Pity the poor staircase. Where do the stairs go when they don't go anywhere at all? Downtrodden, the static staircase has little to be thankful for. Go ahead, walk all over me. That's what the staircase says. Upstairs? Downstairs? What does it matter? Direction is futile.

In its next life, the staircase wants to be an escalator. Pardon me if I stare, but those are some dynamic steps you have there. Stairs in motion. Stairs with a purpose. That's what people will say to the staircase in its next life.

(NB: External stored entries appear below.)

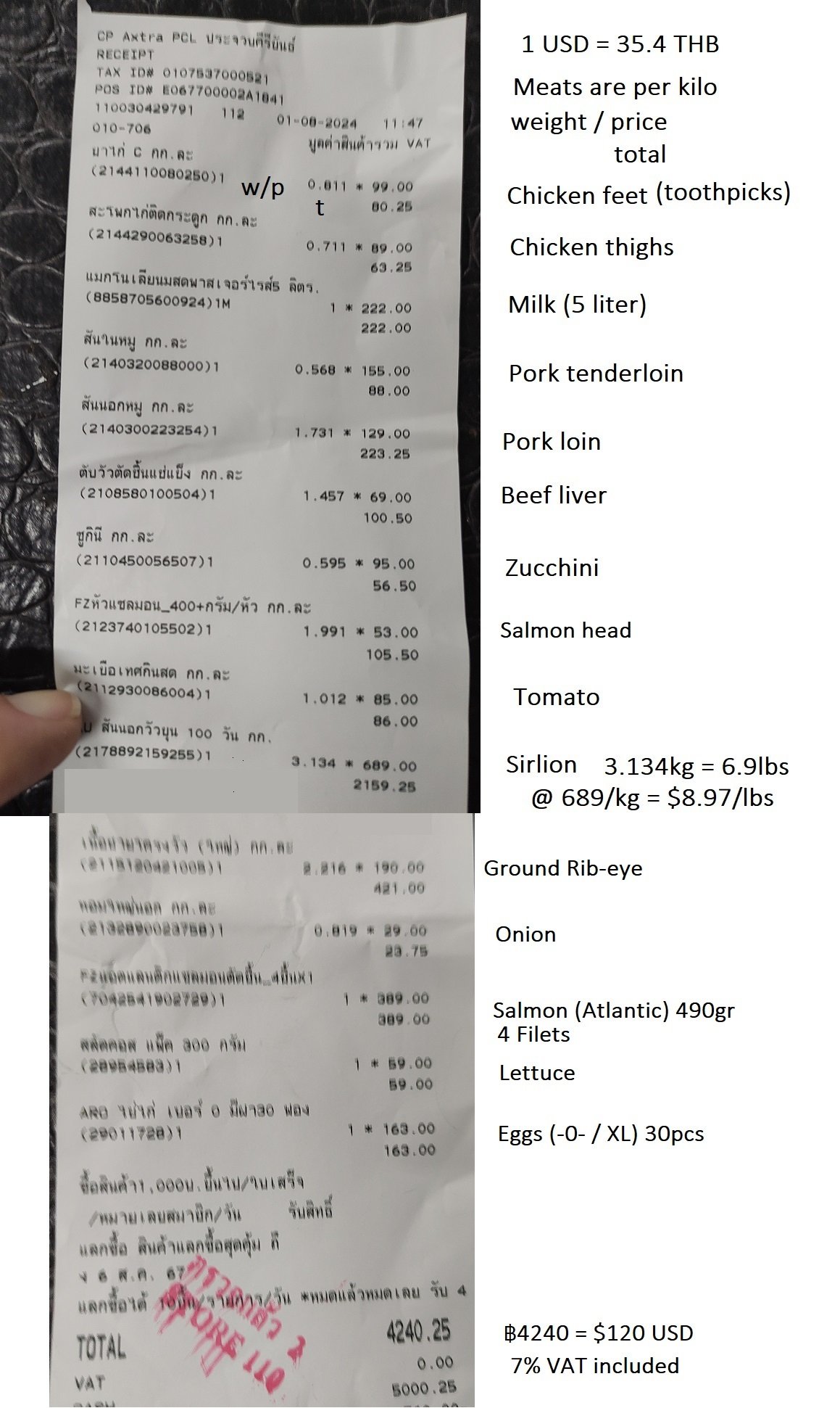 Since 1st of month, and just back from short O&A, frig sort of empty, thought I'd keep track for a month or more.  For them naysayer doubting we live on ฿15k a month.  Today's shopping, about 12kg of protein.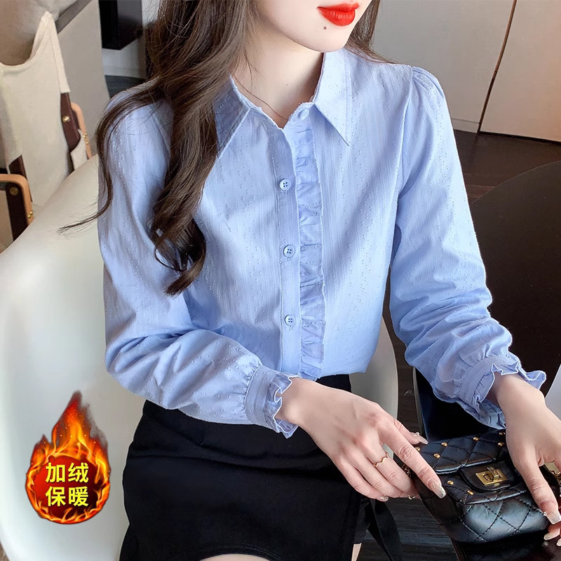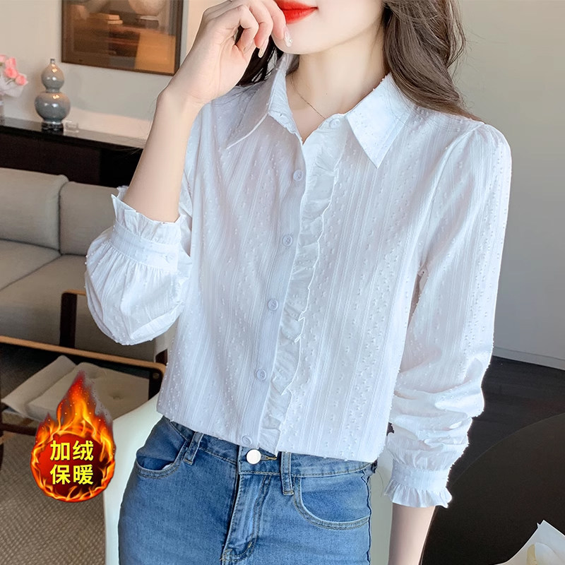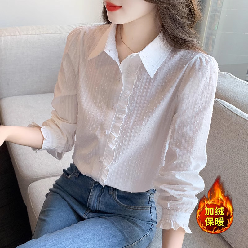白衬衫女2026秋冬新款法式木耳边单排扣全棉衬衣加绒加厚打底上衣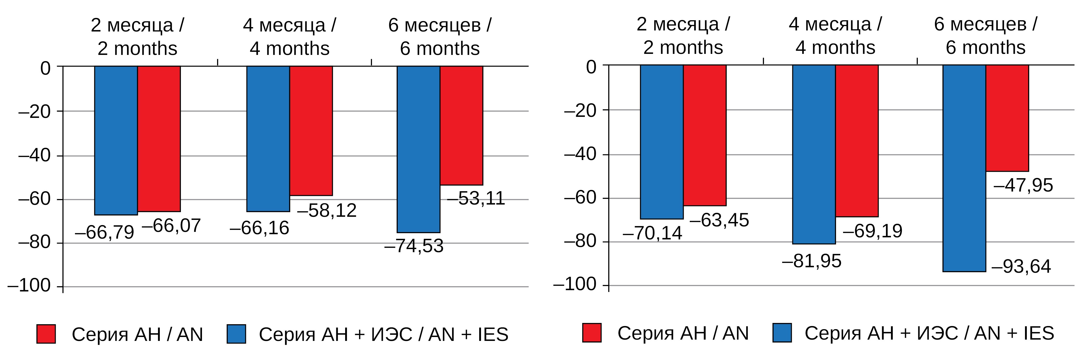 В силу выраженной межиндивидуальной вариативности TFI разница этого показателя в сериях АН и АН + ИЭС подтвердилась статистически только у самцов в срок 6 месяцев после операции (p = 0,0338).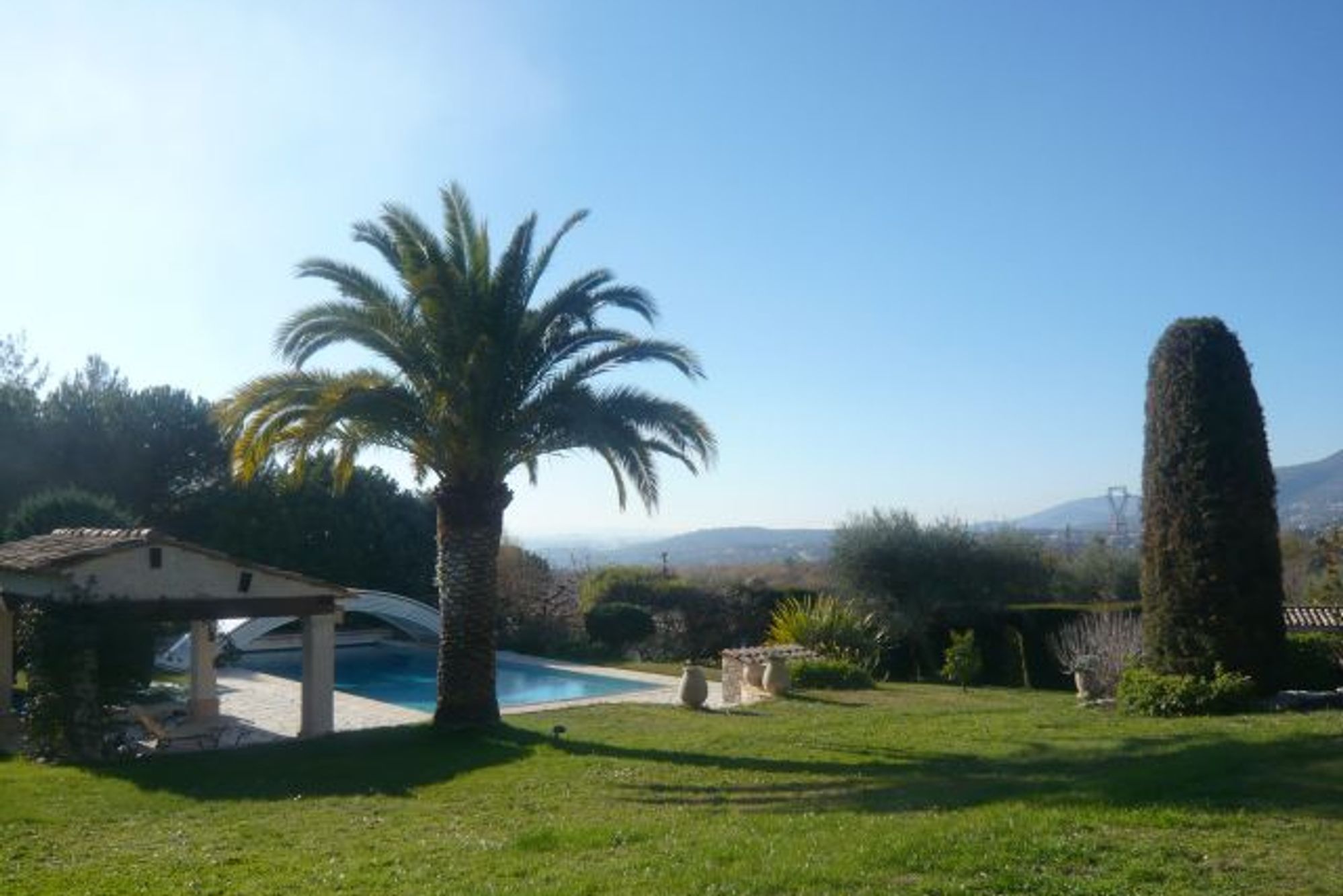 A very charming Provencal style property situated on the outskirts of in La Gaude, just a short drive from Vence. The villa has approximately 500m² of living space within 7500m² of groomed grounds with Mediterranean fruit trees. Several terraces (one of which is fully covered). Fully equipped kitchen. Three bedrooms in the main villa. A two bedroomed guest house is to be completed in 2008. Large swimming pool (12x6) with a child security cover. 25 Minutes from Nice airport. Wireless Internet connection, fax machine.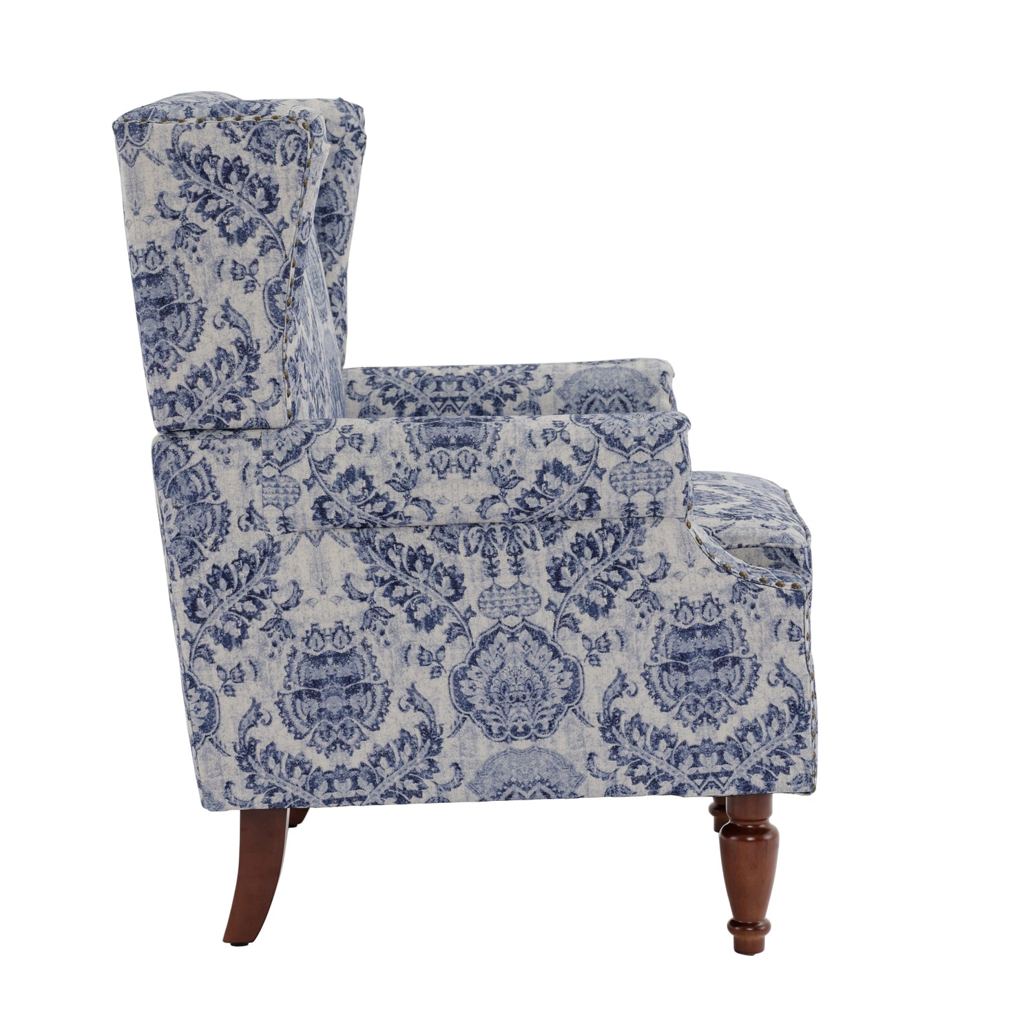 - Attractive Printed Pattern Chair - This armchair features nailhead trim, rolled armrests, vintage wooden legs and a beautiful patterned design for a traditional and chic look. Ideal for waiting room, living room, bedroom, dressing room, dressing room, office, reception room.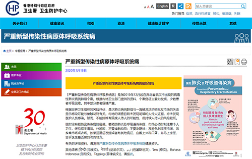 據香港特別行政區政府衛生署 衛生防護中心官網發布的《嚴重新型傳染性病原體呼吸系統病的最新情況》顯示,自2019年12月31日起,截至2020年1月19日中午12時,衛生署衛生防護中心共接獲99宗符合呈報準則的懷疑個案。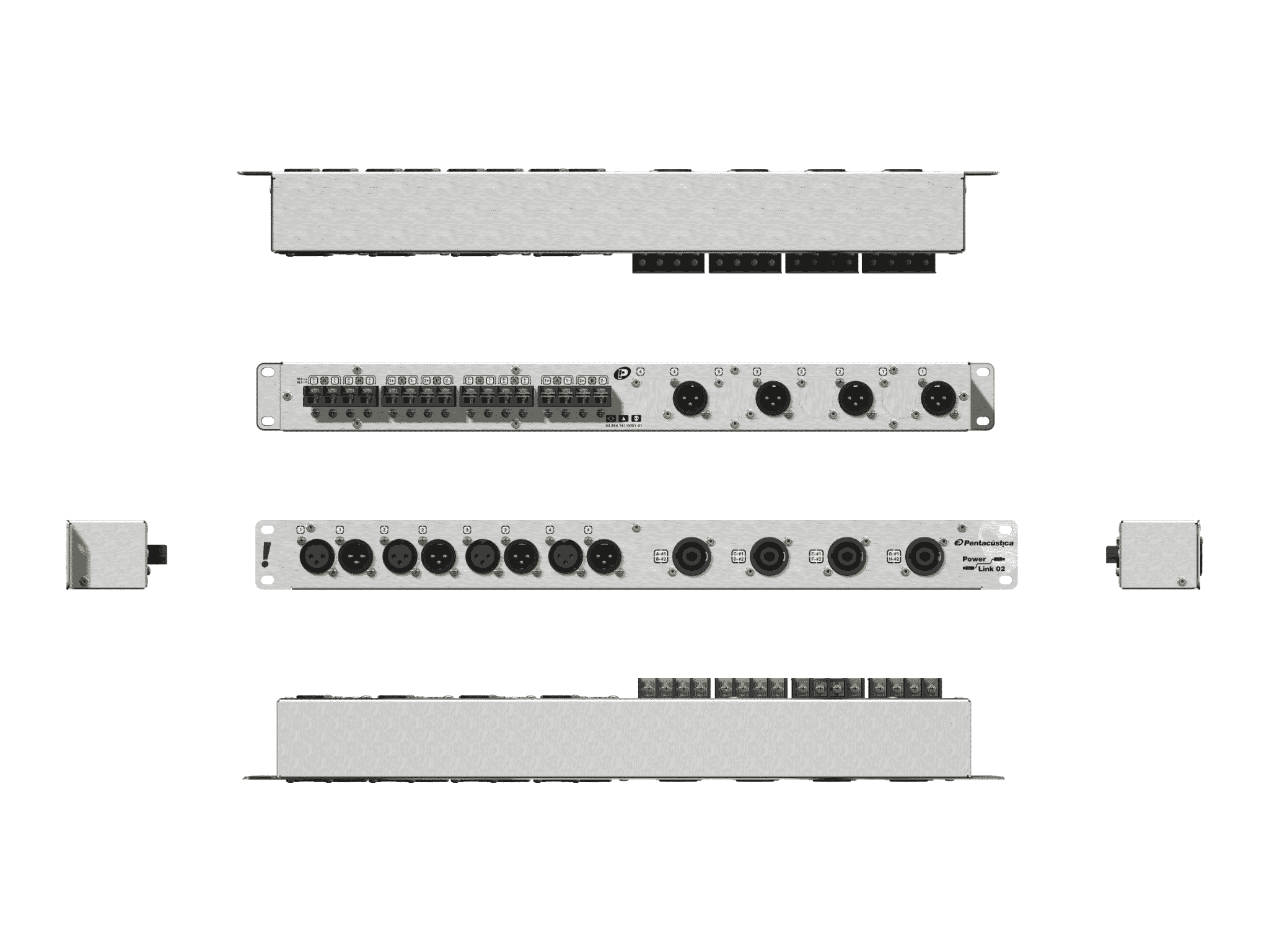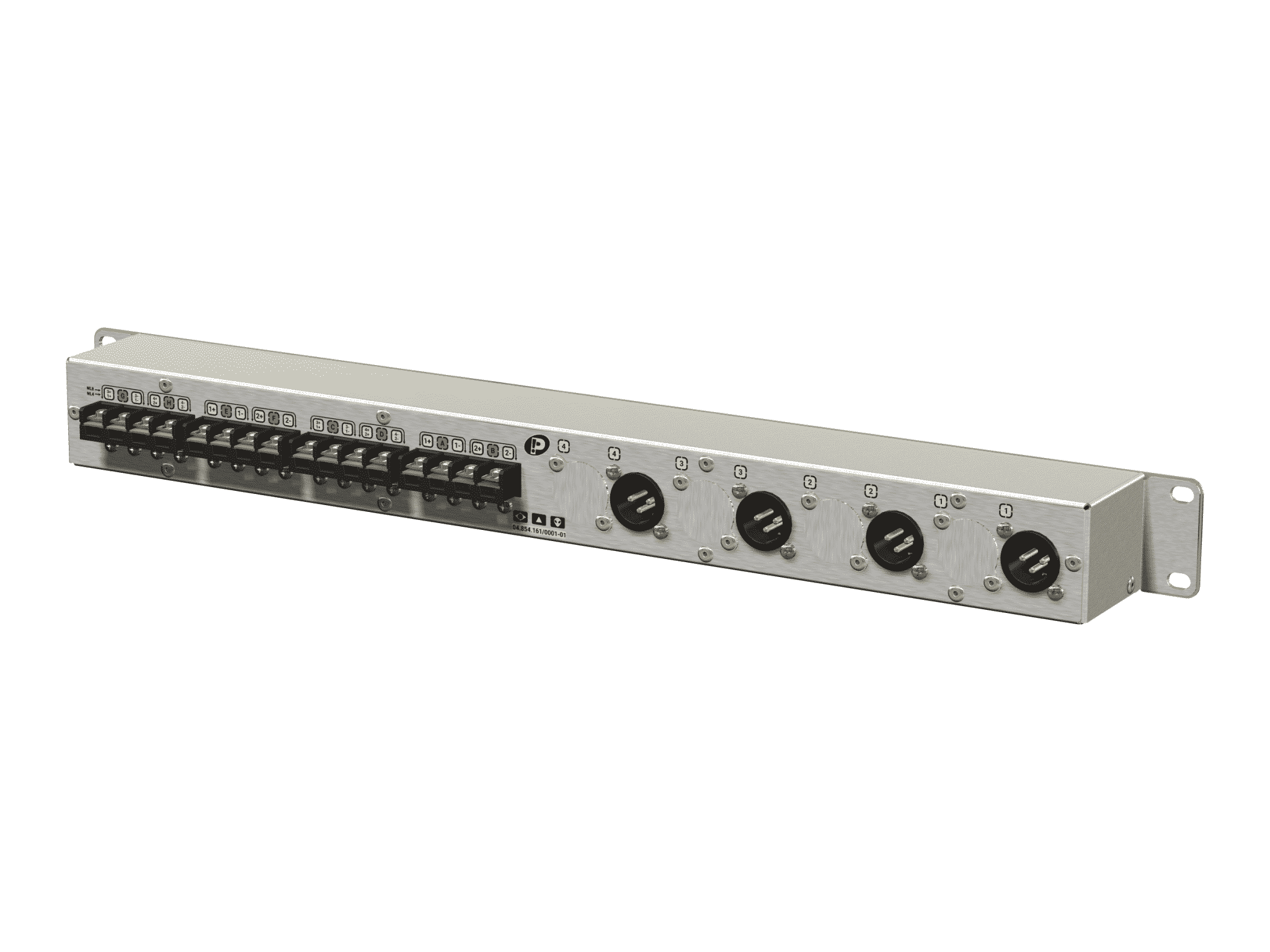 - 4 canais independentes para sinais de linha com conexões XLR-3: Entrada e link frontais e uma saída traseira.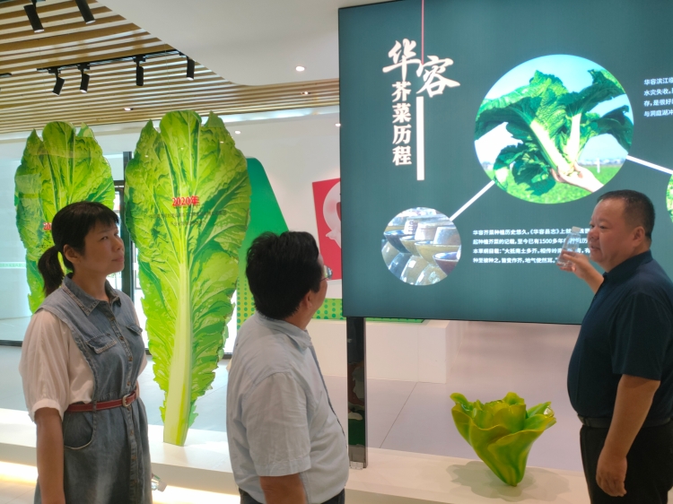 8月9日,中心副主任张昭宇陪同湖师大教授、博士生导师徐新平一行调研华容芥菜品牌建设。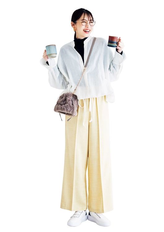 ドロストシャツ¥18,150/リエル リシェ イエローセットアップ(パンツ)¥17,600/ミラ オーウェン ルミネ新宿2店 黒セットワンピース(ニット)¥29,700/emmi(エミ ニュウマン 新宿店) ファーバッグ¥13,200/ノエラ スニーカー¥25,300/ルーニィ メガネ¥1,990/UNIQLO フープイヤリング¥4,950/ジェイデンスター(ココシュニック新宿タカシマヤ店)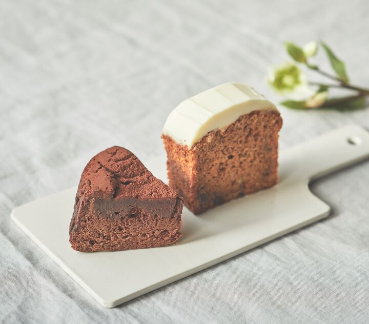 「ドゥラメール 焼き菓子店」(広島・海田) キャロットケーキ&ガトーショコラセット(1セット) 〈5/3(水・祝)のみ販売〉 ホテルのパティシエだった新谷夫婦が作る焼き菓子店。スイスの小さなチョコレート工場「フェルクリン」社のサオパルメ75%を使用したガトーショコラは、オープン当初からある「ドゥラメール」のスペシャリテ。ハイカカオながら焼成温度を変えていくことで、空気を含んだスフレのような質感と華やかな香りを楽しめます。 くるみとレーズン、シナモン入りのキャロットケーキは、フレッシュチーズのフロスティングがたっぷりかかってちょうどいい甘さ。深煎りのコーヒーと相性ぴったり。このセットは初日だけのお楽しみです。

I don't think elevators want to be reincarnated.

 

The Gumline of Sustainable Agriculture

Eh bwa. We ur stik peepul. We ar smrt. Brushing my tooth this morning, it dawned on me that, like gingivitis, the root of sustainable agriculture lies just below the gumline. This strikes casual inspection from the list of effective tools we might use to sniff out unwanted decay, or potatoes.

While an entrenching tool is certainly useful, no such certainty exists when the time comes to poke holes in the half-baked specimen turning in a field of microscopic waves. Here, tradition speaks louder than words, which is where the humble fork comes in to play a quick game of Fiddlesticks before turning to the task at hand, which is poking holes in a half-baked caricature of sustainable agriculture. But you already knew that.

What you may not have known is how potato-farming ties in with my tooth.